Este... para que era el scrip*T*?  jeje
No te puedo creer que no encontraste nada en Google.... 
Emmm.... 
http://metku.net/index.html?path=mods/arcade/index_eng
http://www.tmsoft.com/article-arcade.htm
http://www.carlosrusso.com/arcade/spanish/

Acá te paso un link que tiene DE TODO 
http://www.google.com.ar/search?cli...&q=diy+arcade+pc&meta=&btnG=Buscar+con+Google


----------



## el-rey-julien (Ago 27, 2010)

fernandoae dijo:


> Este... para que era el scrip*T*?  jeje
> No te puedo creer que no encontraste nada en Google....
> Emmm....
> http://metku.net/index.html?path=mods/arcade/index_eng
> ...



 cargaba el controlador del joystick armaba el puerto primero, el juego y no se que mas acia
como es que no busque en google ?ya,no tenia internet ,ahora es todo mas facil ,deve estar todabia en algun cd ,era muy sencillo y basico el script


----------



## MaxiSan20 (Sep 3, 2010)

La verdad que nunca habia buscado con "diy" muy bueno me facilito busquedas posteriores,
bueno en fin mas o menos lo estoy logrando por ahora no instale el WINDOWS EMBEDDED pero la idea 
esta.
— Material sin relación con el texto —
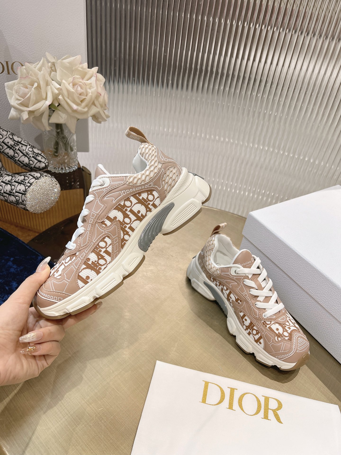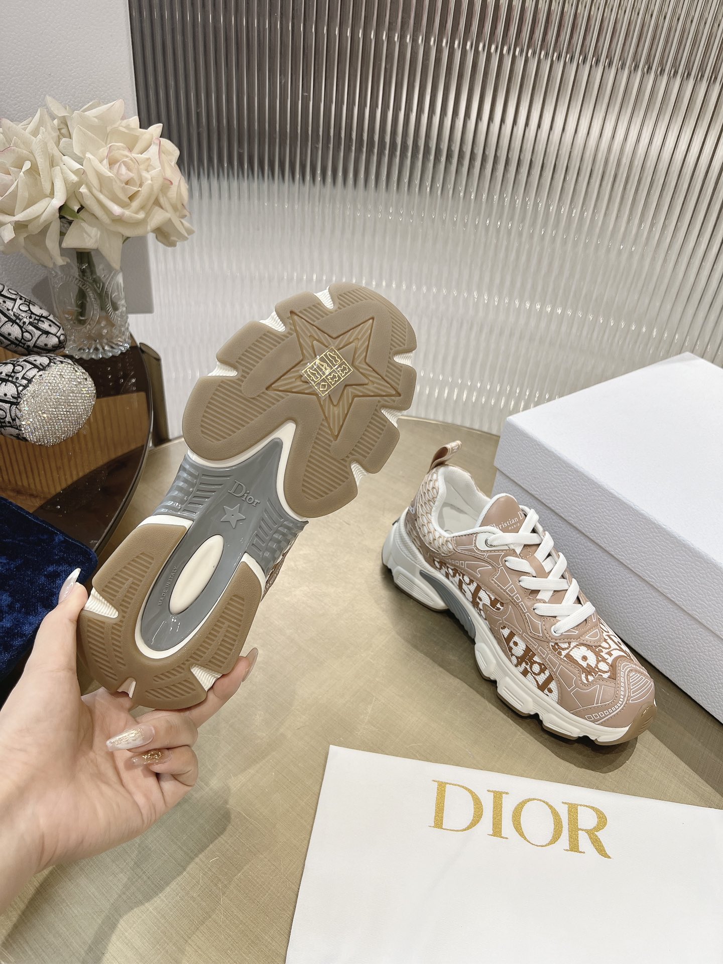 这款鞋子是AAAAA 1:1 质量 (非常棒). 使用了和原版一模一样的材料. 商标部分也保持了和迪奥/Dior一样. 图片拍摄是实物鞋子拍摄, 您所收到的实物保证和我们图片一模一样.
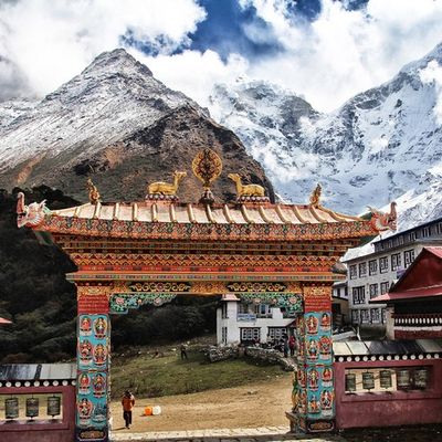 Одна из природных достопримечательностей, которую вы встретите по пути, — живописная гора Ама-Даблам. На основной трассе к восхождению на Эверест на высоте 3867 м расположена деревня Тенгбоче с одноимённым монастырём. Вы полюбуетесь монастырскими воротами с изображенными на них драконами и посетите необычную пуджа-службу, которая сопровождается преподнесением божеству огня, фруктов, лепестков.

Encortre una forma con de que los emuladores inicien directamente con un juego, que es poner 
en el acseso directo del emu por ej: "C:\Archivos de programa\emusnes\zsnesw.exe" "Killer Instinct (U) (V1.0) [!].smc"y arranca con la killer solo me quedaria por ver como es que se elimina el inicio de el escritorio y listo aunque no seria mucho problema ya q se veria por segundos nada más, bueno gracias a todos por los aporte fueron de gran ayuda, cuando tenga el joystick armado pongo un par de fotos. Para armarlo me estoy basando en esta guia http://juegaenelpc.blogspot.com/2009/01/construccion-desde-0-de-un-joystick.html que esta muy buena ya hice un prototipo que esta bastante funcional la dirferencia es que uso interface lpt con ppjoy de mediador, bueno cualquier otra sugerencia la sigo agradeciendo
att. Maximiliano


----------



## lubeck (Sep 4, 2010)

Y si buscas como hacerlo mas directo... osea modifica el registro de windows... hay un lugar donde se colocan los programas residentes...

con win3.11 yo logre hacer lo que quieres, pero lo hice hace años y no recuerdo como lo hice, investiga un poco no es dificil...


----------